§ Exercise instructions:
Restate word for word the lines below from the one that has "Estraceptin là một" through the one that has "썬어게인 브런치(16.500원) 과카몰리", keeping both and dropping all pictures.

(Items from a dataset)
⟨
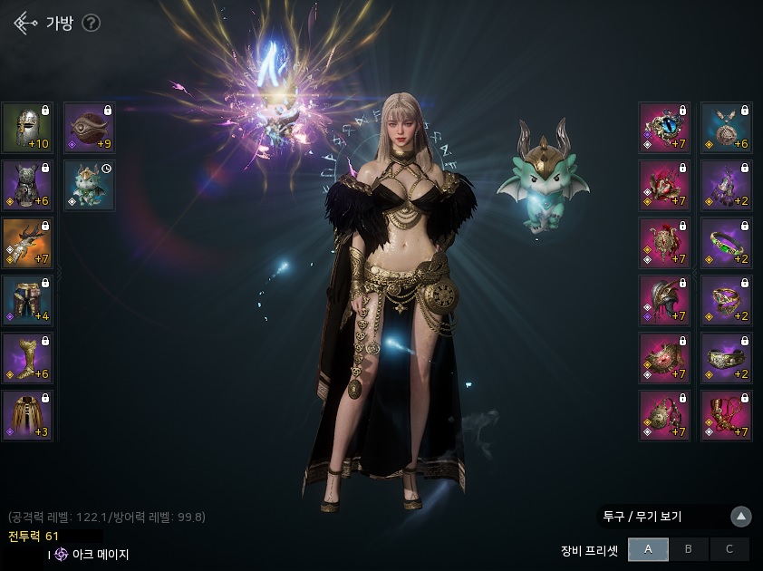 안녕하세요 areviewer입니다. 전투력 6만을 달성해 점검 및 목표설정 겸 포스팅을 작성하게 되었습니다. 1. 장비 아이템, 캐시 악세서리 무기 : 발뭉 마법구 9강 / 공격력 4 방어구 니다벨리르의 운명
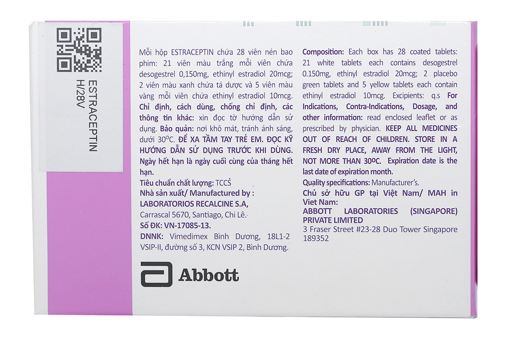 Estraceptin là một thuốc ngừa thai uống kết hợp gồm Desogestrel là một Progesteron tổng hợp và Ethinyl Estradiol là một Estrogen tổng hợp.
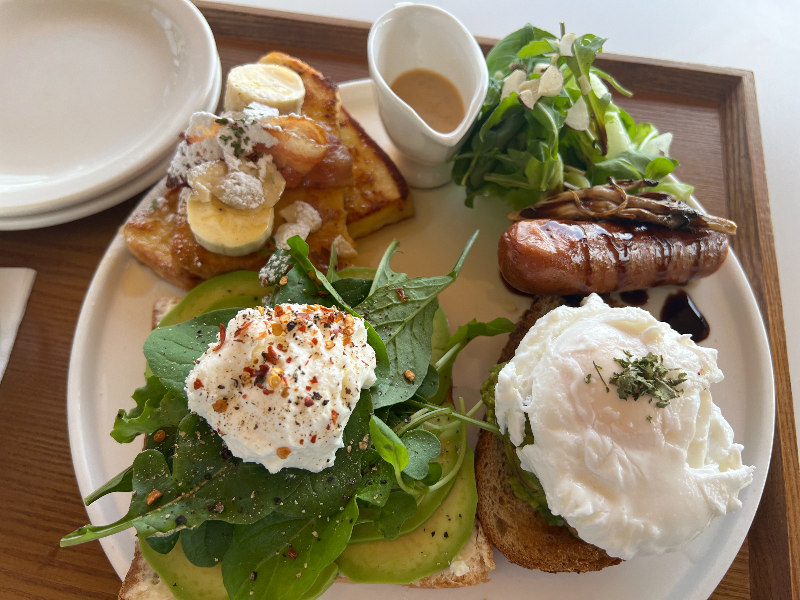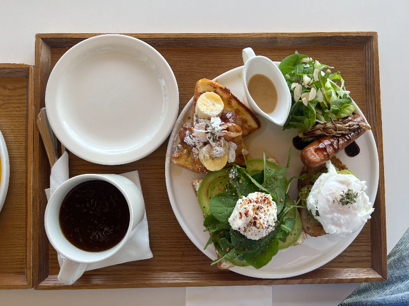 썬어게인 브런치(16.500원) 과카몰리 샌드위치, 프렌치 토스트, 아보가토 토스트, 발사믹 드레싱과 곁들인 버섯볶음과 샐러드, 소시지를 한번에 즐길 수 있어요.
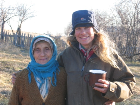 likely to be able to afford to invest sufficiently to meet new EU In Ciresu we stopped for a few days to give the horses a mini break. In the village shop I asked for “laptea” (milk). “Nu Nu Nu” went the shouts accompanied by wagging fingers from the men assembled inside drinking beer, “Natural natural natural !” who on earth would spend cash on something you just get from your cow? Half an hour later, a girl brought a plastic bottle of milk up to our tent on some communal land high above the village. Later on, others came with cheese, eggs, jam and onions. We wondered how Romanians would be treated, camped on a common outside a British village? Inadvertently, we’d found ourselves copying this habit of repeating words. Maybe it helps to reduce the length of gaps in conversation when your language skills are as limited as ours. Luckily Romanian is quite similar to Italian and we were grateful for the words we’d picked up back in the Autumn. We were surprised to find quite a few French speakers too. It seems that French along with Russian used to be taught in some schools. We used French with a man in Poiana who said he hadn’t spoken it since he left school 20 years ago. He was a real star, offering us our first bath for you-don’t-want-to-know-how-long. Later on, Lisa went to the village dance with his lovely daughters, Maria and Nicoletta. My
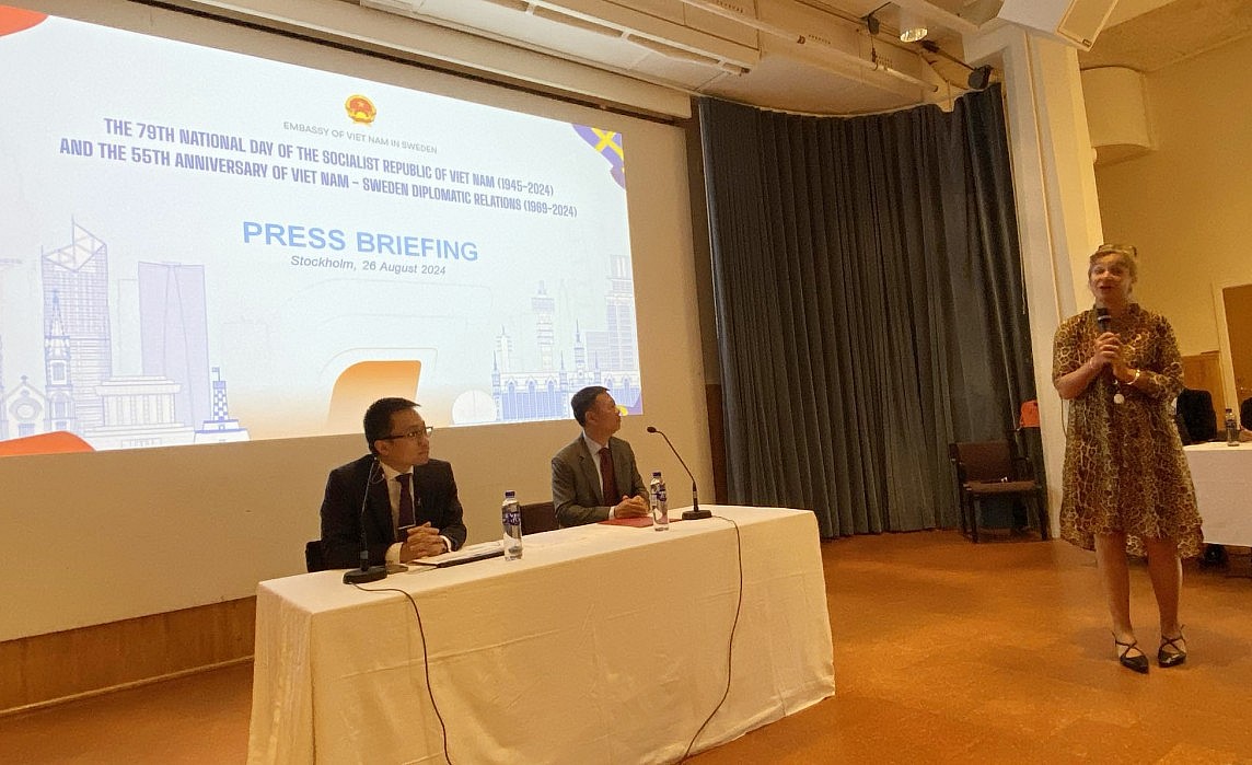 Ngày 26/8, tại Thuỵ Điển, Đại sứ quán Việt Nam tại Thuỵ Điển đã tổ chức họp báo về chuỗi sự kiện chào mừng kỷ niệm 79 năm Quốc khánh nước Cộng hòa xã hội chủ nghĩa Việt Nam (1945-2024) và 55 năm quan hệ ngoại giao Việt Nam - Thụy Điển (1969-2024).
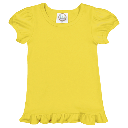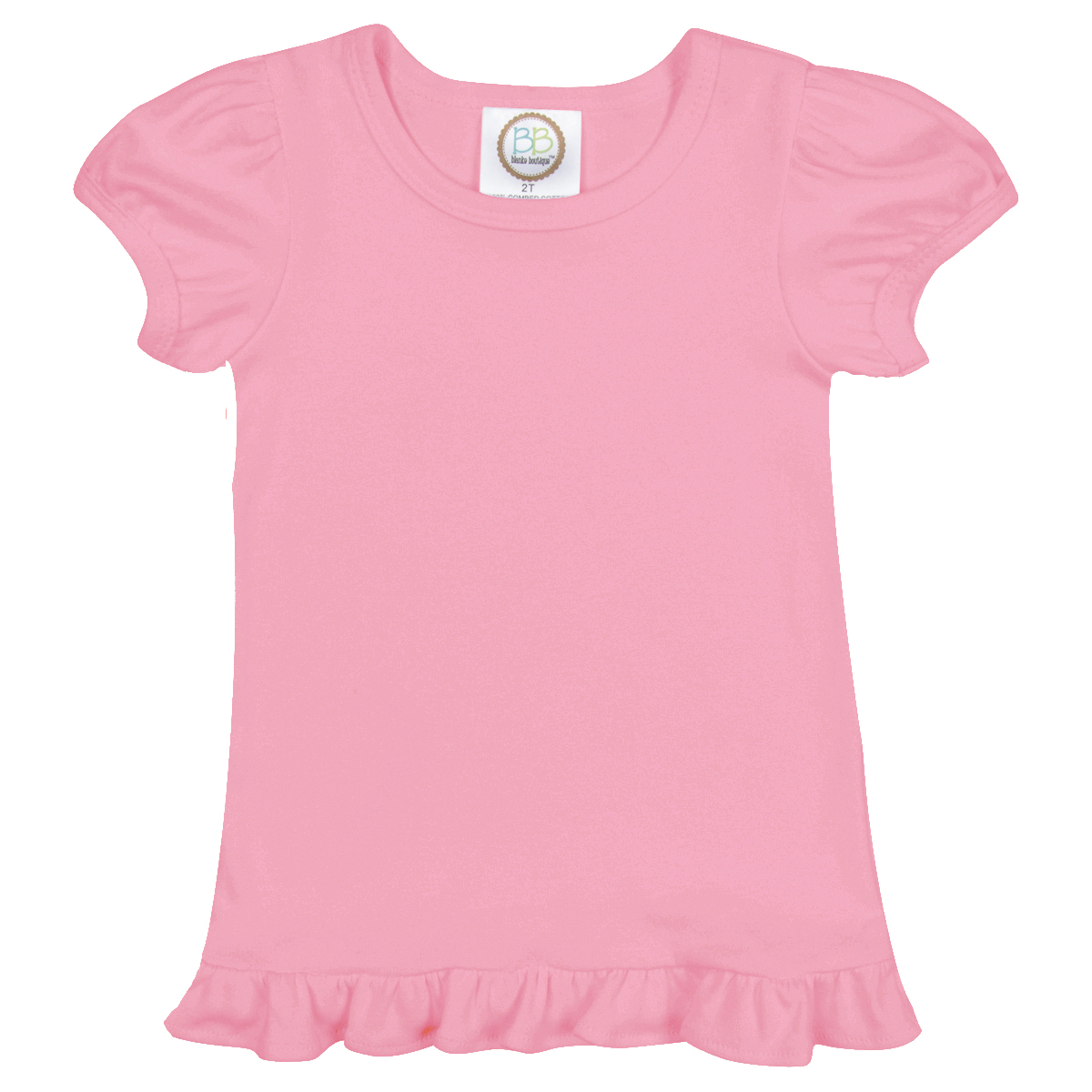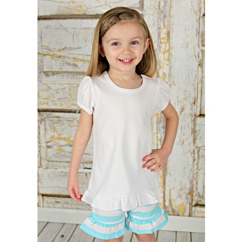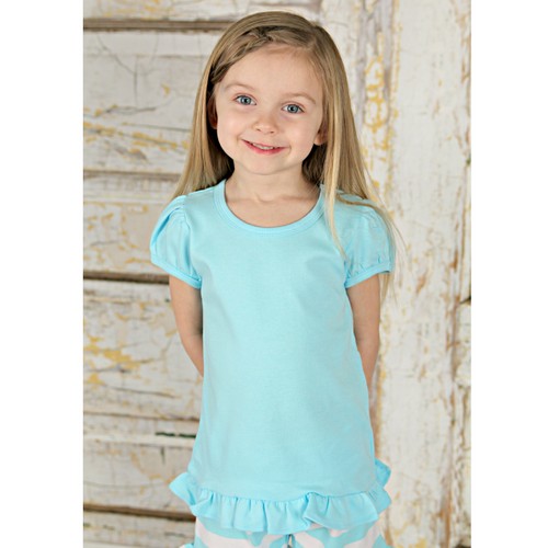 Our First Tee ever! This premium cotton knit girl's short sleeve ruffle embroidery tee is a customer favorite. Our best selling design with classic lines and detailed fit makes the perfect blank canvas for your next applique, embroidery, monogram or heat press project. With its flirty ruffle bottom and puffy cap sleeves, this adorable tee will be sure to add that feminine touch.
⟩
§ Problem solution:
 Estraceptin là một thuốc ngừa thai uống kết hợp gồm Desogestrel là một Progesteron tổng hợp và Ethinyl Estradiol là một Estrogen tổng hợp.
 썬어게인 브런치(16.500원) 과카몰리 샌드위치, 프렌치 토스트, 아보가토 토스트, 발사믹 드레싱과 곁들인 버섯볶음과 샐러드, 소시지를 한번에 즐길 수 있어요.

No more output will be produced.